**Task requirements:**
Take the lines below from the one with "Follow everything about" through the one with "Ağaç, duvarı delerek" and retype them exactly. Include nothing else, and no pictures.

((

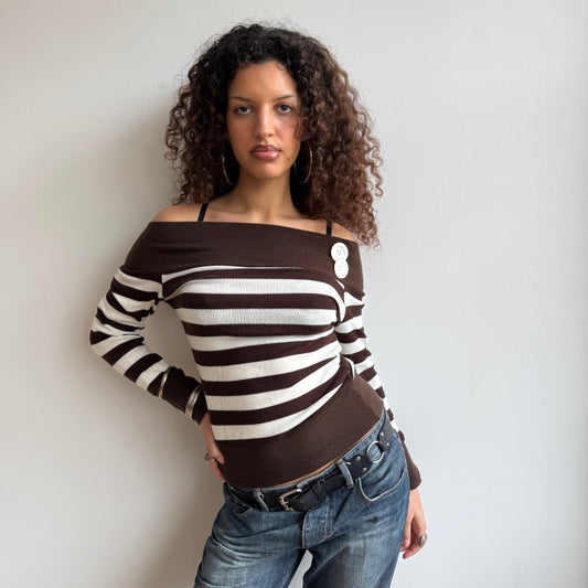 Sold outBrown stripe bardot knit - Size S
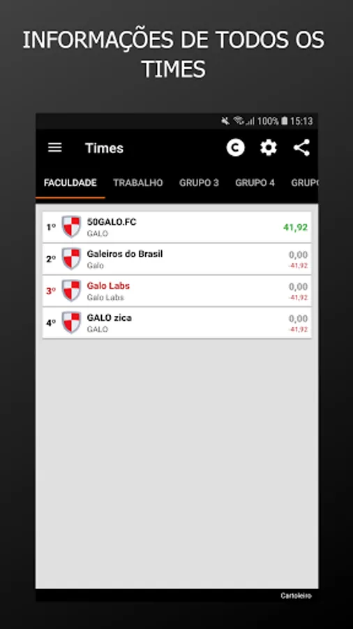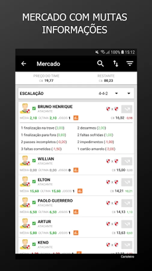 Follow everything about your team from the biggest Fantasy Game in Brazil. Check out the main features of the app:
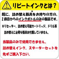 リピートインクは既に、詰め替え部品をお持ちで使用方法をご存じの方の、2回目からのインクボトルのみの製品です。
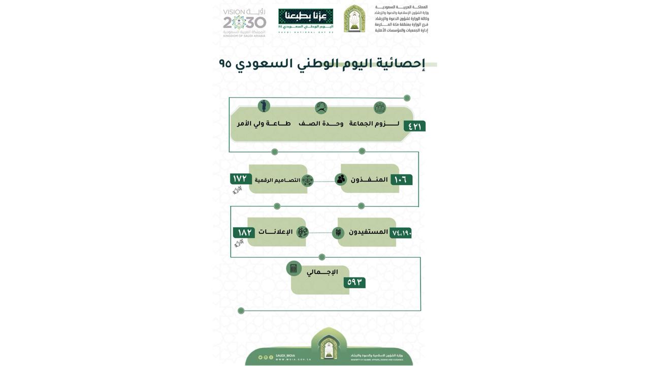 أخبار الشؤون الإسلامية بمكة المكرمة تنفذ 421 كلمة دعوية ضمن الفعاليات المصاحبة لليوم الوطني السعودينفذ فرع وزارة الشؤون الإسلامية والدعوة والإرشاد، ممثلًا بإدارة الجمعيات والمؤسسات الأهلية بالفرع، 421 كلمة ضمن الفعاليات المصاحبة لليوم الوطني السعودي “95” استفاد منها أكثر من (74,190) مستفيد في مختلف ... التفاصيل
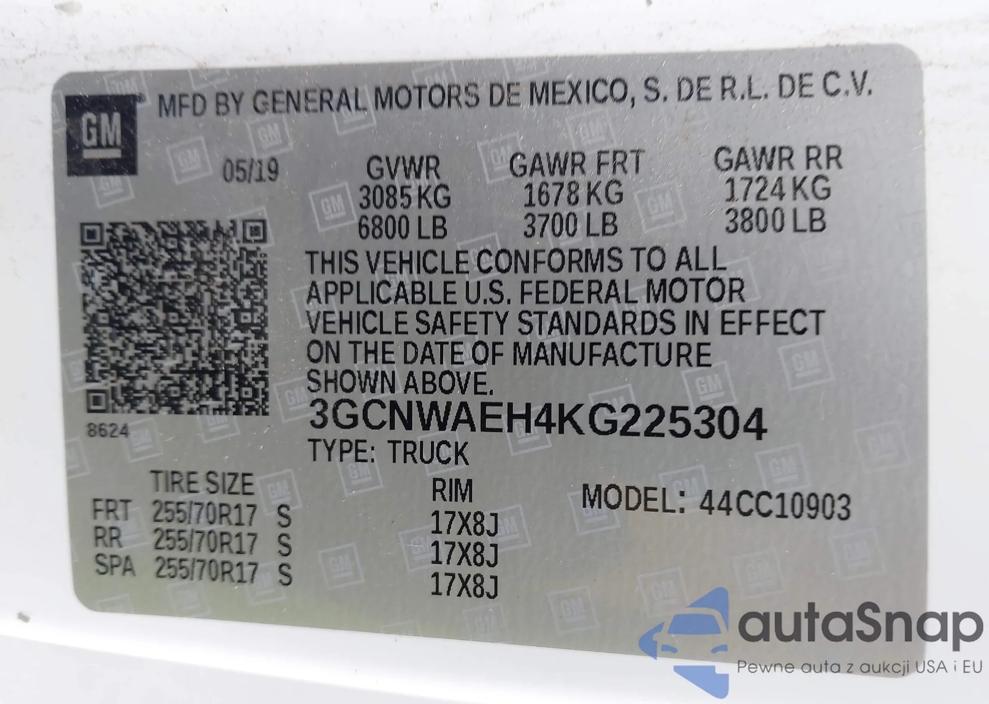 VIN: 3GCNWAEH4KG225304
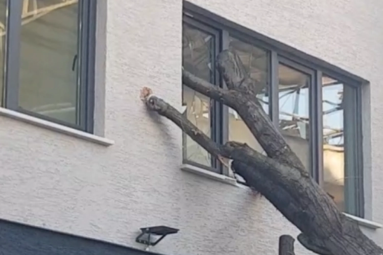 Ağaç, duvarı delerek binanın ikinci katının camının kırılmasına neden oldu.
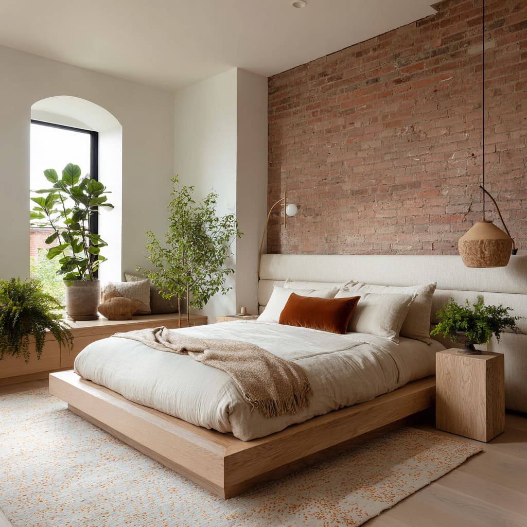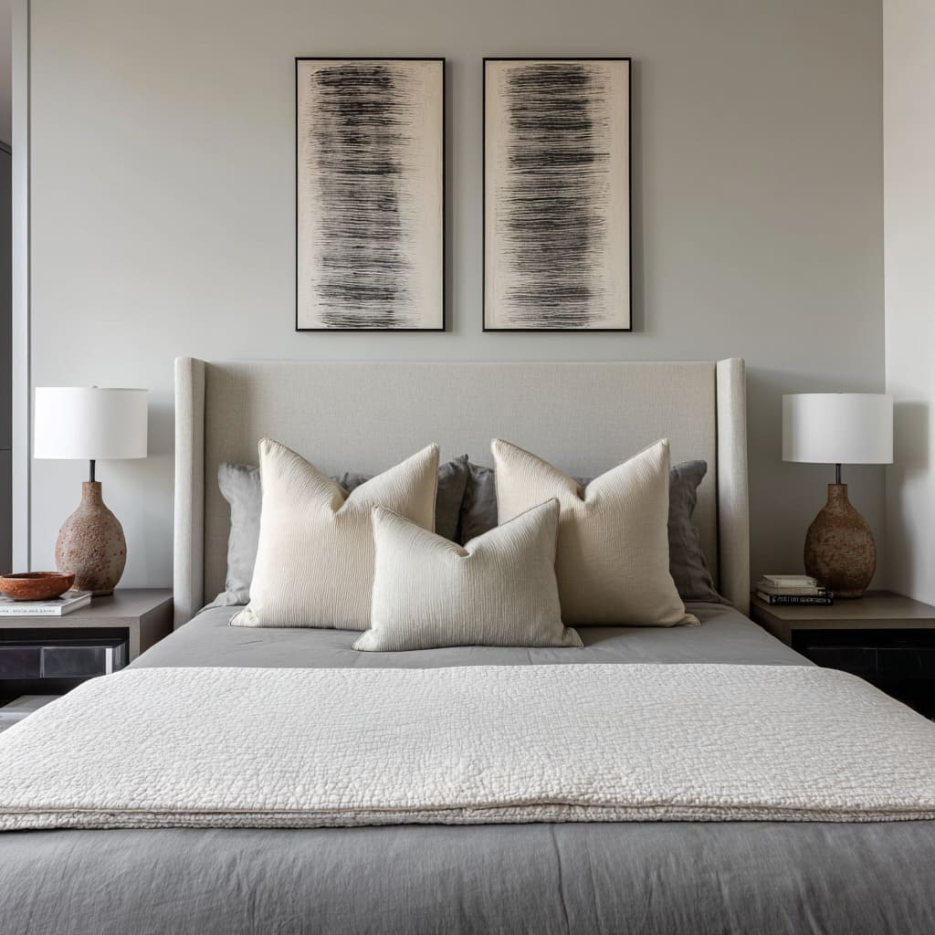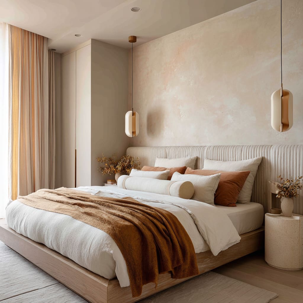 Rather than filling the room with bold touches, many compositions favor precise, quiet moments of contrast—a single charcoal lumbar pillow on a pale bed, a rust-hued throw folded loosely, or one dark ceramic lamp beside a soft white wall. These gestures aren’t meant to grab attention but to guide it.
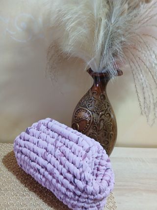 Elegante pochette realizzata a mano, perfetta per completare il tuo look. - Design unico e artigianale. - Tonalità viola vivace.
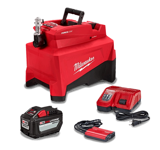 FORCE LOGIC™ is engineered to not only improve upon, but fundamentally change the way high-force tools are used in the field. Through thoughtful design focused on workflow, each tool simplifies a complicated process to deliver the best user experience of its kind. Whether it’s a knockout system that can be set-up without the weight of the tool for the easiest way to punch, or the 10,000psi Hydraulic Pump that is 80% smaller and 75lbs lighter for the easiest set-up, FORCE LOGIC™ always delivers the smartest way to work.Our M18™ FORCE LOGIC™ 10,000psi Hydraulic Pump is the Easiest Way to Power Hydraulics. The cordless pump is fully compatible with all existing 10,000psi rated hydraulic hoses and heads and features ONE-KEY™ Technology. The pump delivers the easiest set-up and is up to 80% smaller and 75lbs lighter than gas units. PFM™ (Predictive Force Monitoring) provides instant pressure verification and Wireless Mode creates a physical air gap between the operator and a potentially live electrical line.

))

**Exercise answer:**
 Follow everything about your team from the biggest Fantasy Game in Brazil. Check out the main features of the app:
 リピートインクは既に、詰め替え部品をお持ちで使用方法をご存じの方の、2回目からのインクボトルのみの製品です。
 أخبار الشؤون الإسلامية بمكة المكرمة تنفذ 421 كلمة دعوية ضمن الفعاليات المصاحبة لليوم الوطني السعودينفذ فرع وزارة الشؤون الإسلامية والدعوة والإرشاد، ممثلًا بإدارة الجمعيات والمؤسسات الأهلية بالفرع، 421 كلمة ضمن الفعاليات المصاحبة لليوم الوطني السعودي “95” استفاد منها أكثر من (74,190) مستفيد في مختلف ... التفاصيل
 VIN: 3GCNWAEH4KG225304
 Ağaç, duvarı delerek binanın ikinci katının camının kırılmasına neden oldu.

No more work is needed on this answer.